Di questo colore è anche la più famosa  Ferrari 275 GTB/4 del 1967 appartenuta a Steve McQueen e venduta all'asta per 10 milioni di dollari nel 2014.

mercoledì 14 dicembre 2016

21. Un personaggio vinaccia

Michelle Obama può essere considerata un personaggio strettamente collegato al nostro colore. Famoso è l'abito vinaccia che indossò, nel 2012, durante il discorso di rielezione del marito Barack.
Il vestito suscitò molto scalpore, poiché la first lady lo sfoggiò già nel 2009 e nel 2010.
Indossandolo ha voluto sottolineare il suo appoggio al made in USA dato che l'abito è firmato Micheal Kors.






Nel 2013 la rivista "The Sunday Times Style Magazine" rese omaggio a Michelle, considerata la donna più elegante del pianeta, realizzando dei francobolli celebrativi che la ritraevano Regina d'Inghilterra con una corona e l'abito di Micheal Kors sopracitato.


venerdì 14 ottobre 2016

4. Il color vinaccia nella mitologia

Tradizionalmente il viola rappresenta la spiritualità, l'unione degli opposti e la suggestionabilità. E' il colore dell'arte, della fantasia, del sogno, dell'altruismo e della guarigione. E' sinonimo di dignità e nobiltà, intelligenza, prudenza, umiltà e saggezza.

Nell’Odissea ritroviamo le tonalità del vinaccia nei versi “[…]navigando sul mare color del vino verso genti straniere[…]” (Odissea, I, 183) e in “Ieri, al ventesimo giorno, scampai al mare color del vino” (Odissea, IV, 170) in cui Omero descrive il Mar Mediterraneo. 

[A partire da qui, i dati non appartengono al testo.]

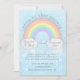 These dreamy rainbow invitations feature cute watercolor clouds and faux silver glitter details with a light blue background and sparkle rain illustration. Personalise your invitation with your event details in beautiful script typography.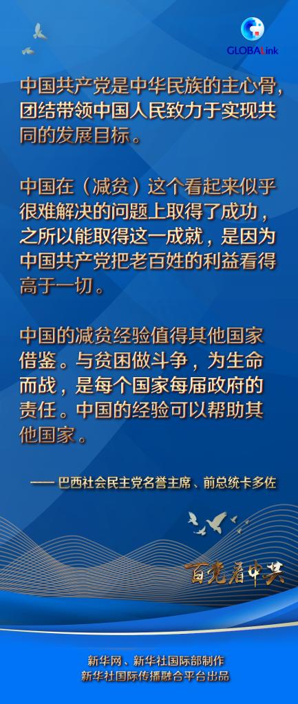 卡多佐說,他曾幾次訪問中國(guó),中國(guó)的發(fā)展給他留下了深刻印象。他稱贊中國(guó)共產(chǎn)黨領(lǐng)導(dǎo)下的中國(guó)在減少貧困方面取得巨大成就。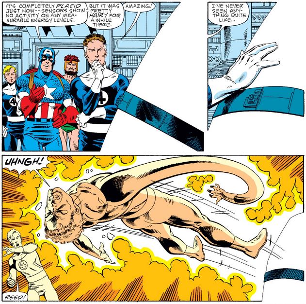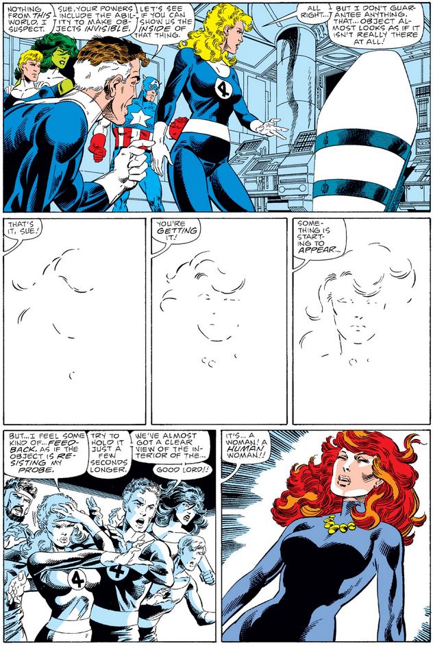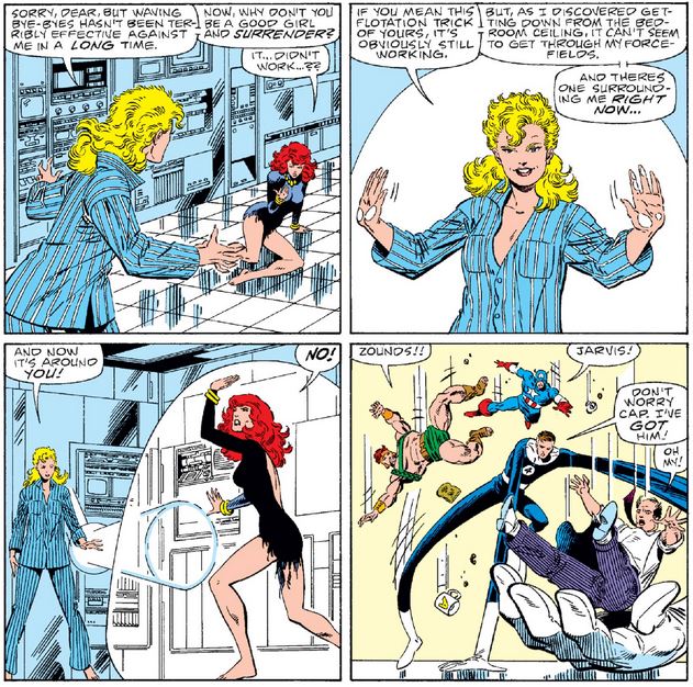 Again, it’s Sue to the rescue, using her forcefield to cut off Jean’s powers… but without warning the boys first. (Of course, Cap is only concerned about Jarvis, especially after Reed filed a complaint with the labor authorities.)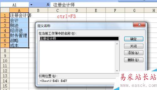 1、定義名稱直接使用ctrl+F3,這樣就不用去菜單中去尋找了。插入,名稱,定義。煩死了。

Nella cultura greca Dionisio è il dio del vino. È legato alla pianta della vite, alla vendemmia e al vino e all'edera. Infatti alcuni tipi di questo arbusto venivano fatti macerare nel vino. I suoi simboli sono il sacro Tirso, un bastone con attorcigliati pampini ed edera, e il kantharos, una coppa per bere. L'edera ha una forma che può ricordare quella della vite, per questo, a volte le veniva attribuito l'appellativo oinôps o oinōpós che significa "color del vino", ad indicare l'appartenenza a Dionisio, dio del vino.